Before she had leukaemia, Billie was a healthy and active young woman who did yoga and pilates, and enjoyed travelling to different countries with her husband Tony, 35. Now she has an ongoing medical condition called demyelinating polyneuropathy, as a consequence of the stem cell transplant in 2016, although her leukaemia is in remission.

She says, “My new stem cells attacked my nervous system. I couldn’t sit up, I couldn’t eat, I couldn’t do anything myself. I had to spend a long time in hospital relearning how to do everything. Then when I later found out I had kidney failure, it was devastating.”

“I do feel down about what’s happened to me. Dialysis is so physically and mentally draining, especially when it’s been so hot. People will just see you hooked up to a machine, but it’s the way it makes you feel, like everything is sucked out of you. Sleep is about recovery, I don’t feel rested the day afterwards.”

Now, Billie has to decide whether or not to do the pre-tests to see if she is eligible for a transplant. She says she’s put off making the decision as she is worried about the emotional impact of possibly finding out she won’t be able to have one.
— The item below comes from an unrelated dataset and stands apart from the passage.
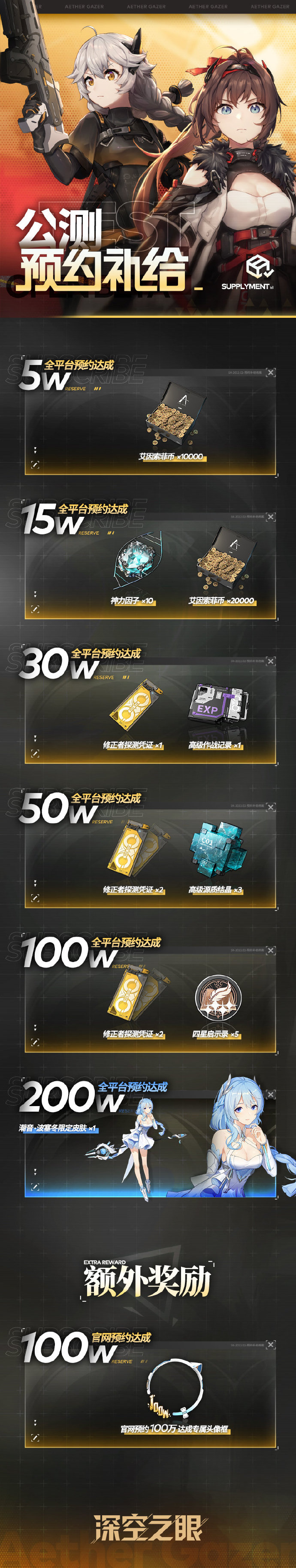 《深空之眼》将于4月22日正式公测,目前游戏全网预约已超过200万,除了一些游戏内物资外,官方还为玩家准备了修正者潮音·波塞冬的限定皮肤作为200万预约达成奖励,更是额外追加了25抽修正者探测凭证(累计可获得30抽)作为预约活动奖励,诚意满满,对游戏感兴趣的玩家可以抓紧预约啦!

She says, “It’s the fine balance between whether my quality of life will be better with a transplant, or will the side-effects of the immunosuppressants I’d have to take and the physical impact make things worse? With leukaemia, I’d had no choice, it was ‘Have these treatments or die’. But with this, the ball is in my court.

“I’m scared if I have the test they’ll say I can’t have the transplant, but I must. I can’t move on with my life until I do.”

Support from family and work

In the meantime, Billie says husband Tony has been a huge support, helping her with her home dialysis and liaising with her nursing team, while the team at the Financial Ombudsman have also been brilliant.

“Tony has been wonderful,” she says. “And work has been really accommodating. I work on a phased return basis, and there have been times when I’ve had to take time off to dialyse in hospital if for some reason I’ve been unable to do it at home.”

Billie can walk short distances but usually uses a wheelchair. She is proud that her colleagues joined the charity’s London Bridges Walk at the end of July.

At the moment, Billie volunteers for a number of charities and is hoping to start volunteering for Kidney Research UK.

“The work the charity does is all-important,” she says. “Kidney problems have such an impact. It affects so many lives, and people don’t view it as something terminal. They just think, ‘You can just do dialysis’.

“It can lose its significance. But when you live it every day, you realise it’s not a life that other people live. It’s very isolating.

“Kidney Research UK is helping to spread awareness that treatments can and should be improved.”